73
Приснился Павлу Ивановичу
такой сон: будто бы с Лёкой они лежат на широкой
кровати, но не для любви, а в одном из тех изнемождающих
разговоров, какими наполнены были их последние совместные годы. А потом она
стала добиваться ласки, и хотя он во сне же ощущал неестественность и
запретность этого — они стали целоваться, по щекам. Вдруг чувствует, что щёки
его очень мокры — отчего бы? И тогда хорошо увиживает
(до сих пор совсем не видел) лицо Лёки: на её щеках в двух-трёх местах кровавые
следы: не подкожные подтёки, а — натеки, как от серьёзных порезов и по форме
двух дуг зубов. И тогда он понимает, что мокрость на
его лице — это тоже обильная кровь. Что они не целовались, а как бы кусались,
но без намерения и сами сперва не замечая. Тогда он
встаёт и идёт умыться. А вернувшись видит, при
непонятном невидимом свете: Лёка лежит всё на том же месте, одетая,
лицо её уже умыто, никаких порезов нет, но — в гримасе боли и саможалости, как он часто видывал её, перед тем как им
разойтись. А невидимый зломышленный
подставил ей на твёрдой подпоре бумагу — и Лёка подписывает, совсем нехотя, всё
с той же безрадостной жалостью, но не к нему, а к себе. И он понимает — что это
постыдное что-то, она сама же потом ужаснётся, и говорит: “Зачем ты? Ведь люди
узнают!” А она — иссушенным смехом: “А-а, всё равно!..”
И проснулся. Со щемленьем, как от всякого яркого с нею сна, а хороших между ними давно не бывало.
Никто не снился Павлу
Ивановичу так часто, как Лёка. Удивительно: столько лет уже не жили и не
встречались — но с той же настойчивостью и мстительностью Леокадия
вторгается в его сны, как не бывало ни при влюблении,
ни при семейной жизни. Эти непрестанные сны не могут быть без её воздействия, у
неё, наверно, свойство такое — при сильных переживаниях посылать излучения их.

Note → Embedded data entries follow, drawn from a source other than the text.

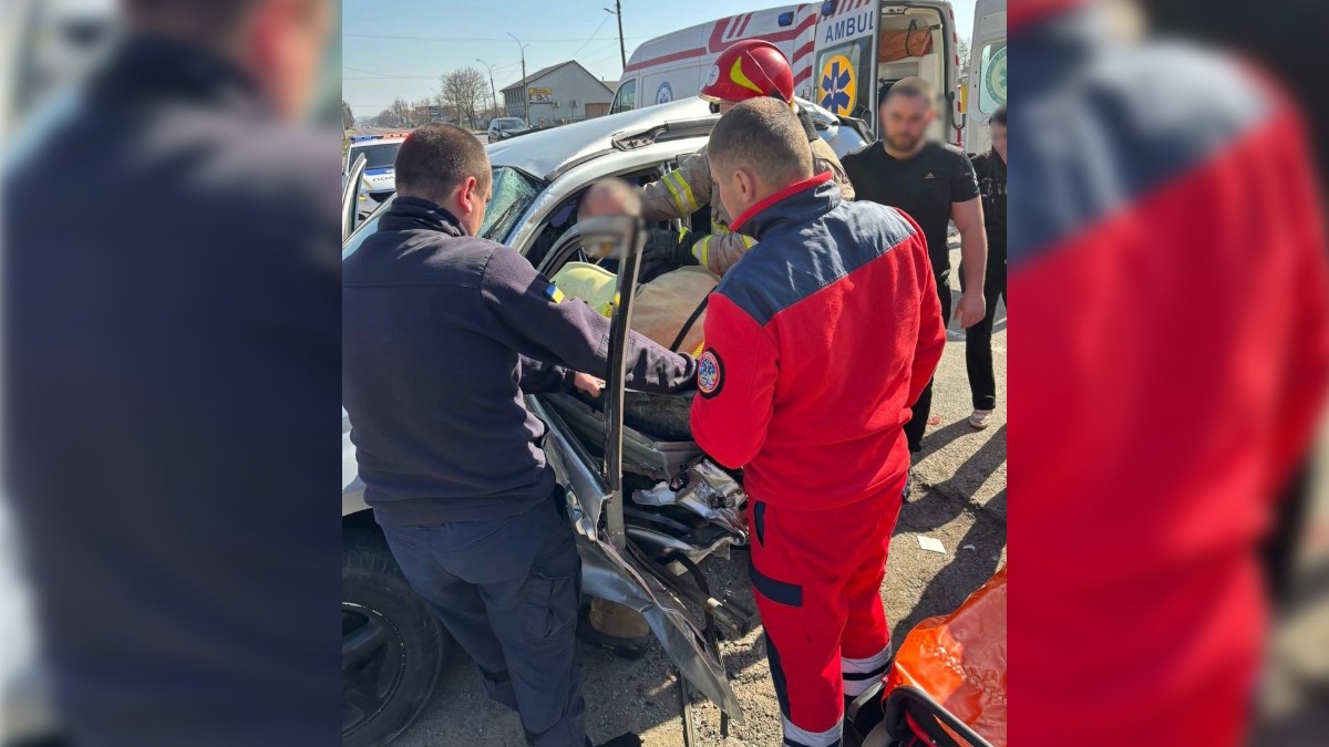 Внаслідок удару водія легкового автомобіля затиснуло в понівеченому транспортному засобі. Рятувальники за допомогою спеціального інструменту деблокували постраждалого та передали його працівникам екстреної медичної допомоги.
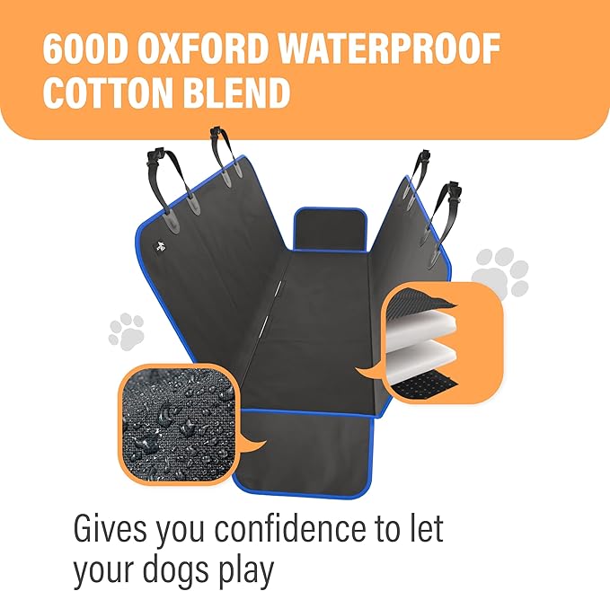 - FOUR-LAYER PROTECTION: Waterproof dog seat cover is made with durable 600D Oxford fabric, soft cotton, waterproof polyester, and non-slip PVC rubber bottom - designed to protect car seats from scratches and pet damage
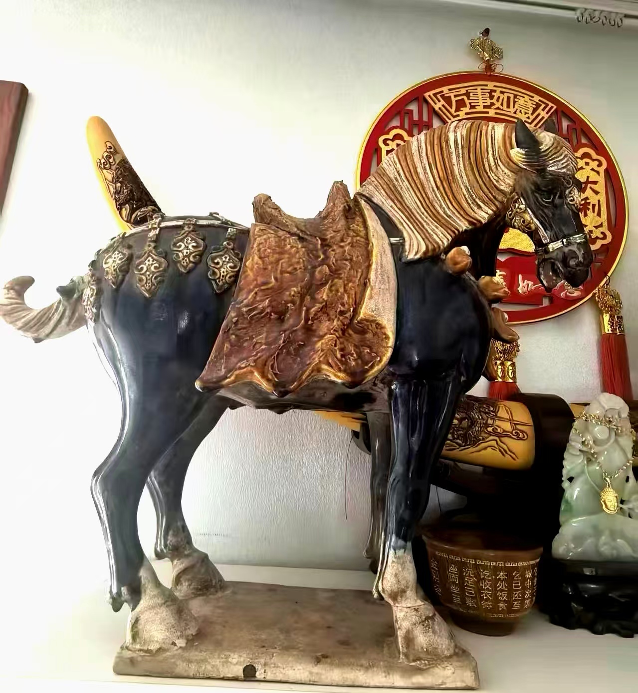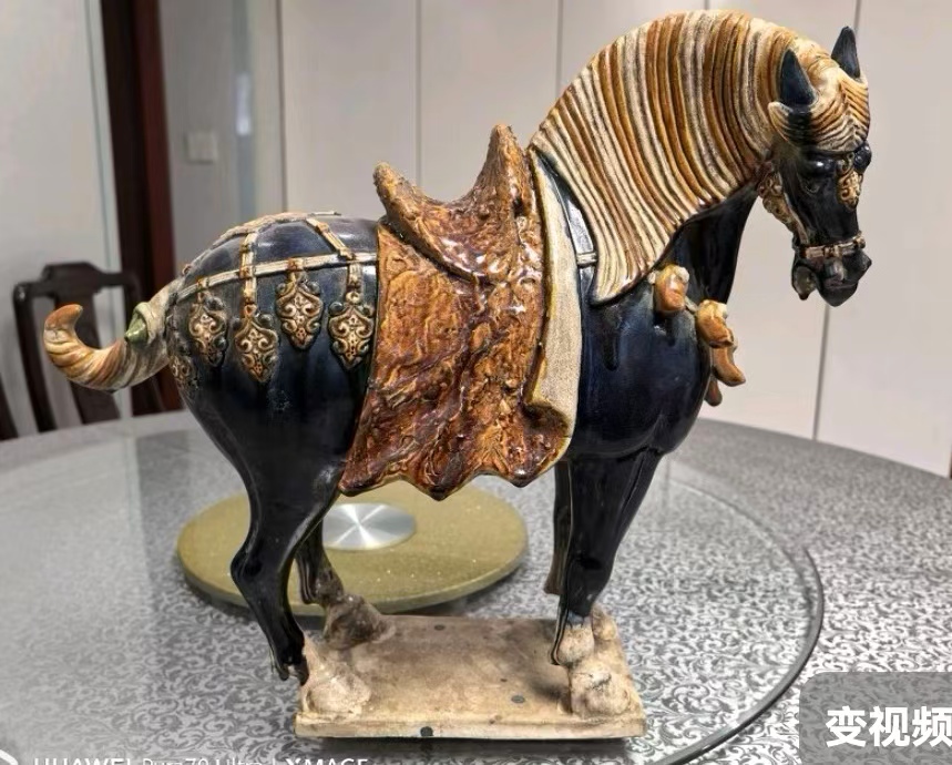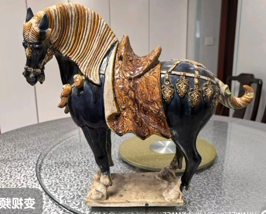 它黑釉如漆,金彩似霞,色彩交融间尽显华贵,寓意事业顺遂、前程似锦;昂首奋蹄的姿态,暗含马到成功、步步高升的祝福;鞍鞯上的精致纹饰,更承载着对生活富足、平安喜乐的期许。
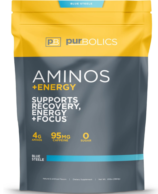 Purbolics Aminos + Energy | Supports Recovery, Energy & Focus | 95mg of Caffeine, 0 Calories & 60 Servings (Blue Steele) -
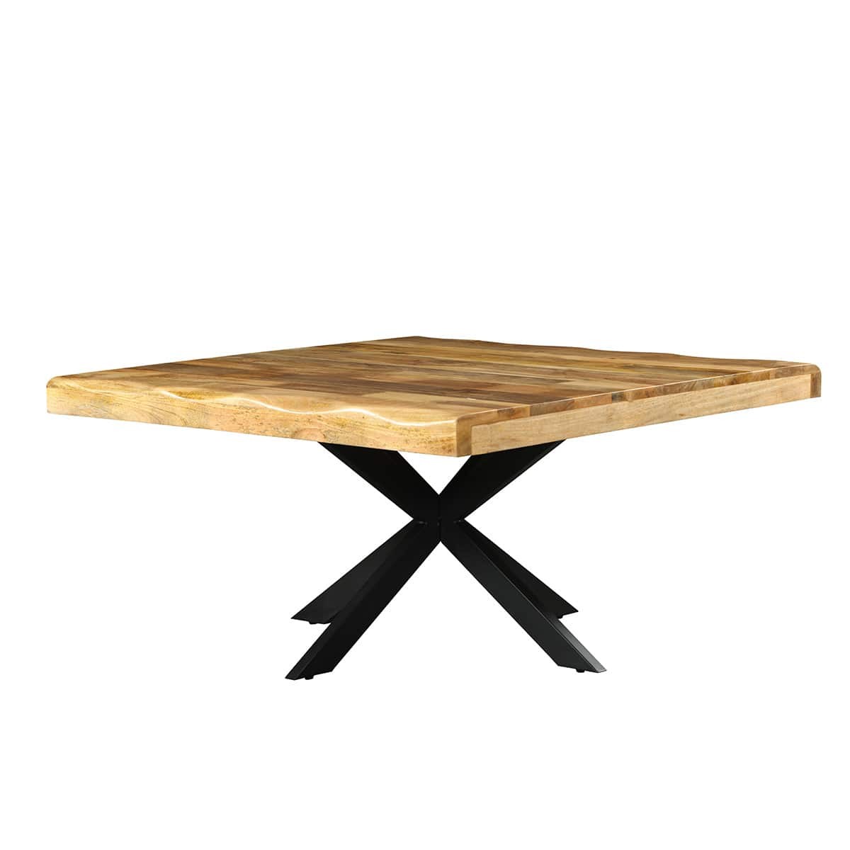 Table à manger carré avec plateau en bois ondulé, EP6CM, H76CM - POPPY
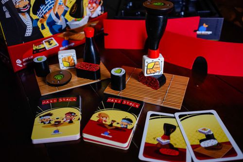Soyez le chef solo ou l'équipe culinaire le plus rapide pour maîtriser l'art de l'empilage de sushi et gagner Maki Stack, qui peut être joué par deux, quatre ou six joueurs.
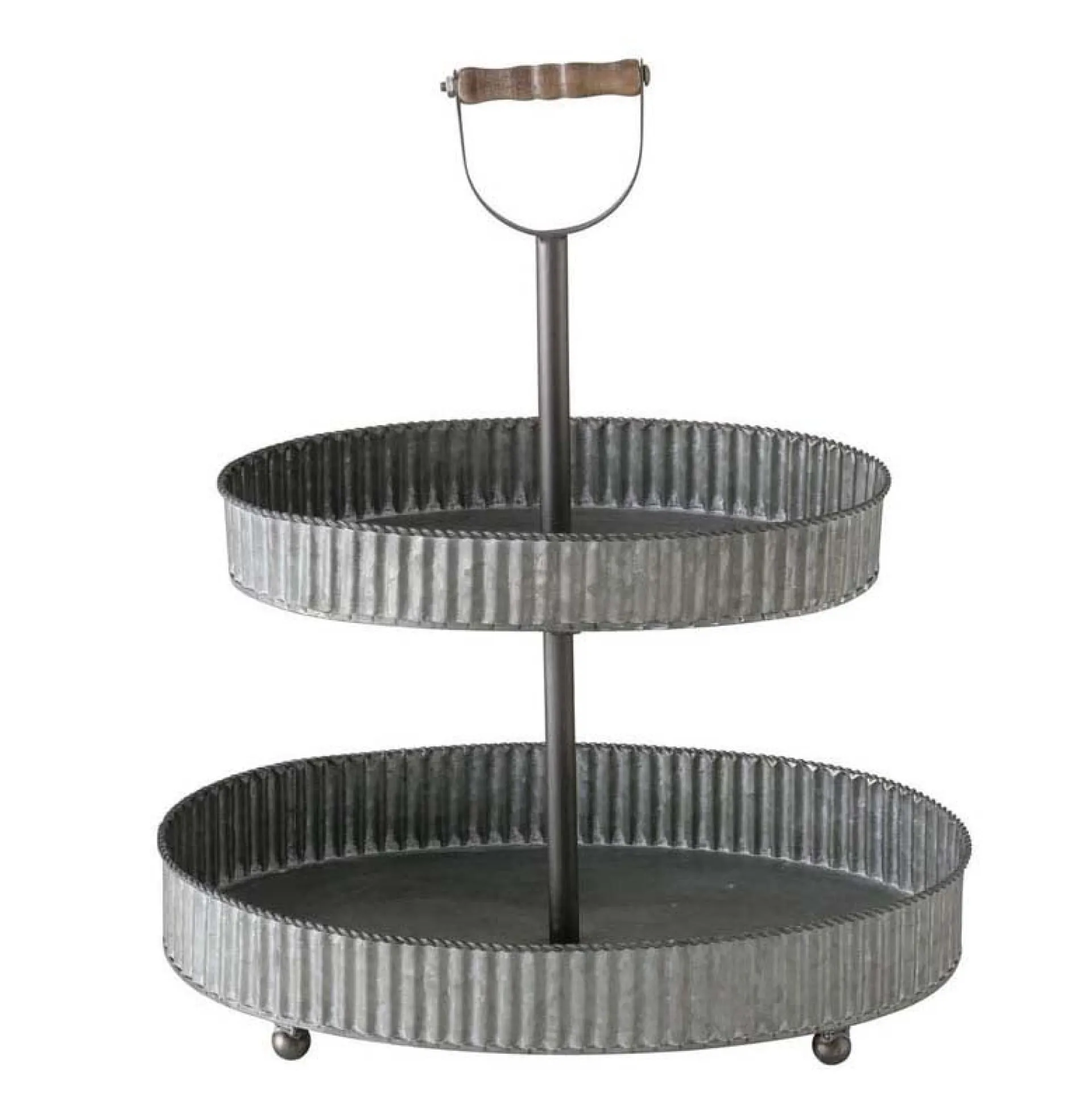 Een praktische en stijlvolle oplossing voor serveren en decoratie. Gemaakt van stevig zink, is deze etagère perfect voor het presenteren van hapjes, fruit of desserts en kan ook worden gebruikt als decoratief element in het interieur. Het klassieke ontwerp is zowel ingetogen als elegant, waardoor het ideaal is voor een feestelijke tafel of een gezellige theemiddag.
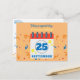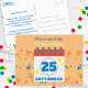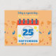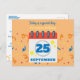 Celebre um dia especial com nosso vibrante e personalizável cartão postal de aniversário! Este design ostenta um estilo gráfico lúdico e comemorativo, perfeito para marcar marcos memoráveis. No centro do cartão postal está uma encantadora ilustração de um calendário, com uma data específica circulada para homenagear o grande dia da pessoa que faz aniversário. O número '25' é exibido de forma proeminente dentro de um círculo, simbolizando a data, enquanto o mês 'SETEMBRO' é escrito em letras maiúsculas e negrito abaixo.

А Павел Иванович был восприимчив и вообще богат снами. И так, годы не видав Лёки и не переписываясь уже с ней, он иногда почти с
точностью знал, что там она чувствует или делает, только надо было взять общий
смысл сна, это он уже привык. То она виделась ему в своём прежнем вечернем платьи, но совершенно истрёпанном, в дырьях
и грязном. То — искрюченной в позвоночнике,
склонённой по пояс, как сведена болезнью или уколом.
То они ехали в извозчичьем фаэтоне, но задом, не видно, был ли кучер, лошади,
но фаэтон катился назад. И он говорил ей, да кажется искренне: “А я ждал тебя у
нас”, то есть здесь, на Малом Власьевском. И она —
совсем печально, грустно помолодевшая: “Разве у нас ещё есть?”
После каждого такого сна,
как и сегодня, он пробуждался с заболевшей душой.
С не переставшей болеть
никогда.
Обдумывал сон — а потом и не
заснул. Уже рассвело. Да ему, пожалуй, больше и не надо было.
С годами Павел Иванович стал
высоко подмащивать подушки, а то за ночь затекала голова и целый день потом болела. И проснясь, он
давно уже не вскакивал, не поднимался бодро к действию, но медленно-медленно
перемещался к дневному состоянию, по мере этого и
подсовываясь выше и выше, пока уже полусидел.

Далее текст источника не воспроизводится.